My husband and I are coming up on our 5th wedding anniversary. Five years since we said our vows in front of our dearest friends. Five years of joy and tears and chaos and laughter and love. And it seems like it was just a couple of years ago. Hell, I’m wearing the same t-shirt today that I wore the day before our wedding, when my girlfriends and I made a vat of fruit salad and hot glued my veil together. Time moves SO quickly when you have a shitload of children, I’ve discovered. At this rate, they’ll be in college before the milk sours. And I still love that man SO MUCH. He drives me insane a lot of the time, and he’s a control freak and a half, but I’m so very thankful that fate brought us together.
I guess that’s it. My life doesn’t change that much, I guess – still doing that whole parenting thing. What’s new with you?
I’m not one of those people who spills all and leans on friends like I should in times of crisis. It’s only after the storm has started to subside that I’ll sit down and pour out my thoughts. So, here I am. The storm has begun to subside, for now.
My daughter. Jeez. Where do I begin? I’ll start by saying RIGHT NOW, things are pretty good. Things are looking up. And yesterday, I saw the biggest sign of progress I’ve seen in a long, long time.
She’s depressed, but I’m beginning to see that she’s more manipulative than anything else. And she’s completely heartbroken over this boy who influenced her to do a laundry list of stupid things. We’ve had a solid week of HELL with that girl. Yesterday, though, she wrote a letter to her ex-boyfriend. She told him she loved him, but that she was letting him go, and even though she knew she was falling, she had lots of people who love her, waiting to catch her. And then she gave it to him. I can’t even begin to tell you how pleased I am with this. I’m so proud that she’s finding some inner strength to stand up for what’s good and right. She’s being considerate of herself and of her family and friends for once, instead of thinking of this lameass boy. And she’s finally seeing her own future, outside of a relationship with him. THANK GOD.

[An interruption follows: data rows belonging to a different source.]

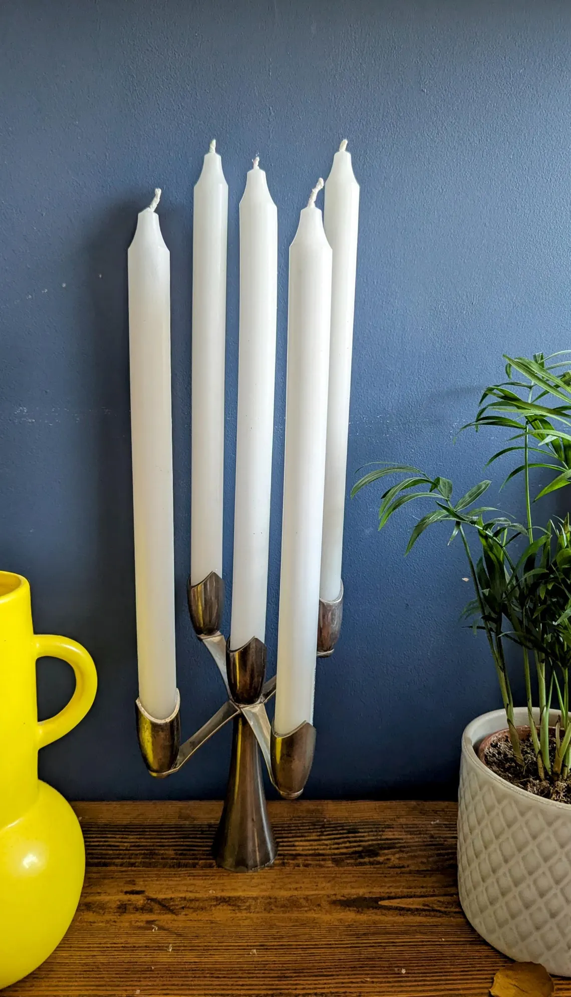 With stylish twin pointed capitals, a flared base, this will light any space beautifully with its give arms holding candles across three levels.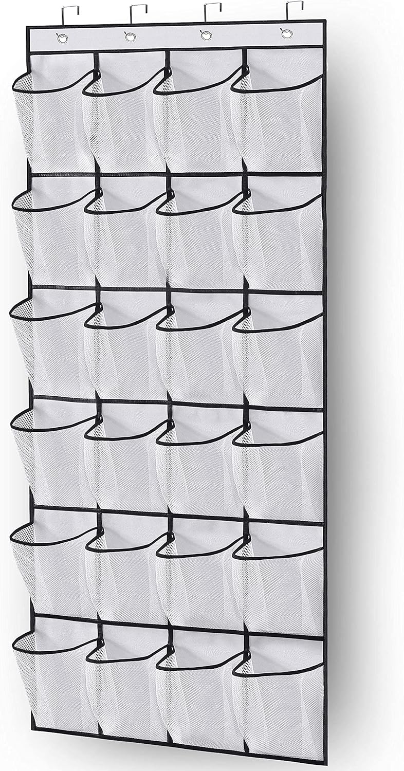 AMERTEER Hanging Shoe Organizer | Door Shoe Organizer | 24 Large Mesh Pockets Shoe Rack For Door | White Transparent Space Saving Shoe Organizer Door Hanger | Hanging Shoe Rack For Closet
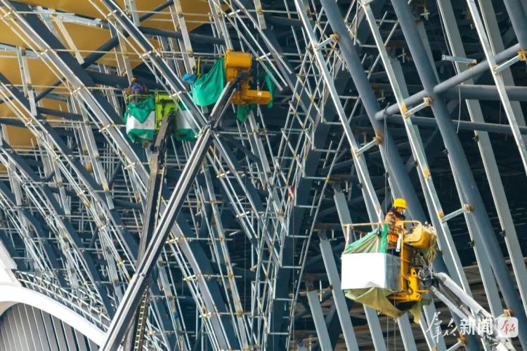 中铁建设作为核心参建单位,主要负责站房主体结构、金属屋面及装饰装修施工任务,其承建的光电玻璃幕墙施工是工程重点难点。西安东站采用的光电玻璃均为异形,且整体设计为超高难度的外倾弧形,安装的龙骨最大倾斜度达75°,最小倾斜度达15°,对安装精度要求极高。为保证每块玻璃精准安装,中铁建设项目团队应用三维建模及北斗高清全站仪,精准定位三维坐标点位超1300个。“我们将每一个龙骨坐标点位误差值控制在毫米级,确保了春节期间104块全异形光电玻璃能够顺利安装。截至目前,已完成16万平方米混凝土结构、15000吨钢结构、7万平方米的金属屋面施工任务,为站房如期具备通车条件筑牢基础。”中铁建设项目总工程师刘健说。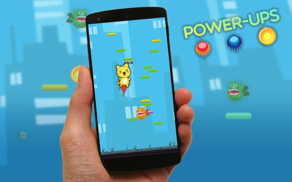 Help the little kitty jump from platform to platform, collect tons of powerups, avoid monsters, obstacles and reach for the sun!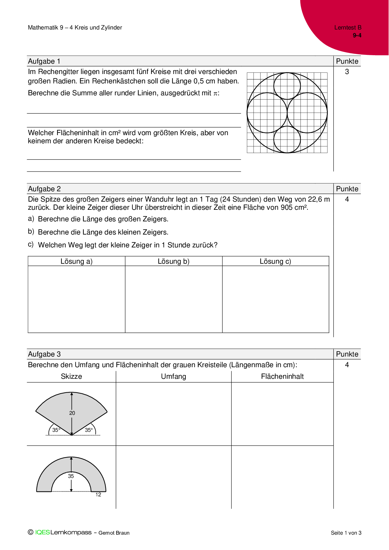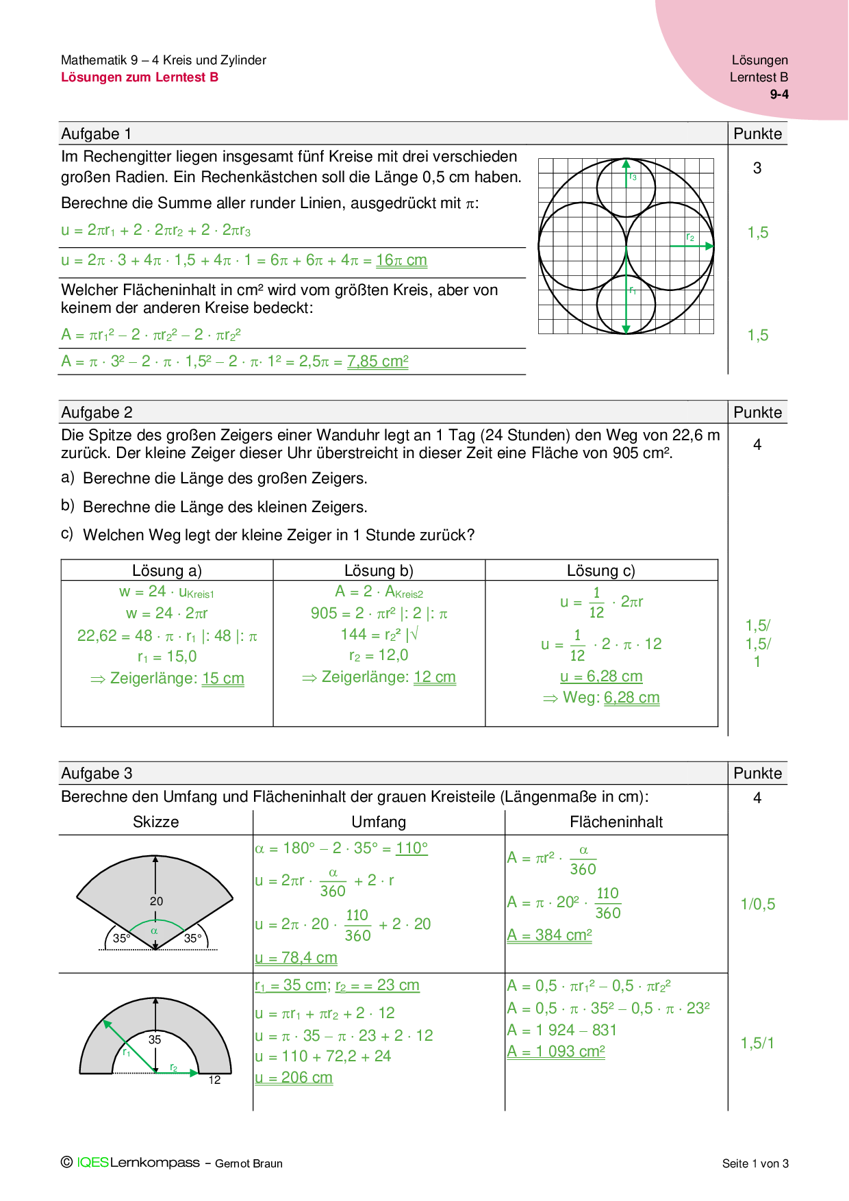 9.4 Kreis und Zylinder - Lösungen zum Lerntest B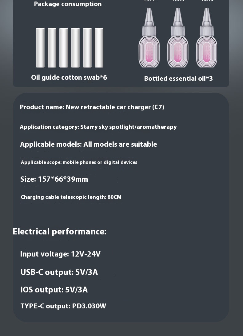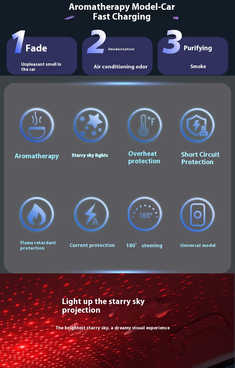 Model: C7 Red Starry Sky Lamp Aromatherapy Car Charger, C7 Purple Starry Sky Lamp Aromatherapy Car Charger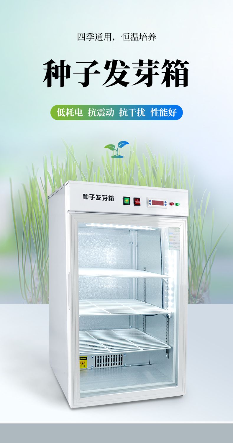 2、此箱可在不同地區(qū)不同季節(jié)使用不同的種子恒溫快速發(fā)芽,由于恒溫的作用,使種子的蛋白酶等化學(xué)物質(zhì)迅速分解反應(yīng),避免了溫差出芽造成的能量丟失,使種子出芽后抗病力強,提高幼苗免疫能力,縮短了種子的出芽的時間。經(jīng)該器械出的幼芽,芽苗質(zhì)量好,成活率高。

So, that’s where we are right now. We’re seeing a new, WONDERFUL shrink, who will hopefully outline a plan of action for getting our child back to where she wants and needs to be. And I can only hope there will be a ripple effect throughout the family, so that when the girlchild gets better, we ALL start to get better. Because it’s definitely affecting all of us. Everyone is walking around pissed off and high strung. Yay! Happy days in this household, NOT.
It’s getting better. Think happy thoughts for us, okay?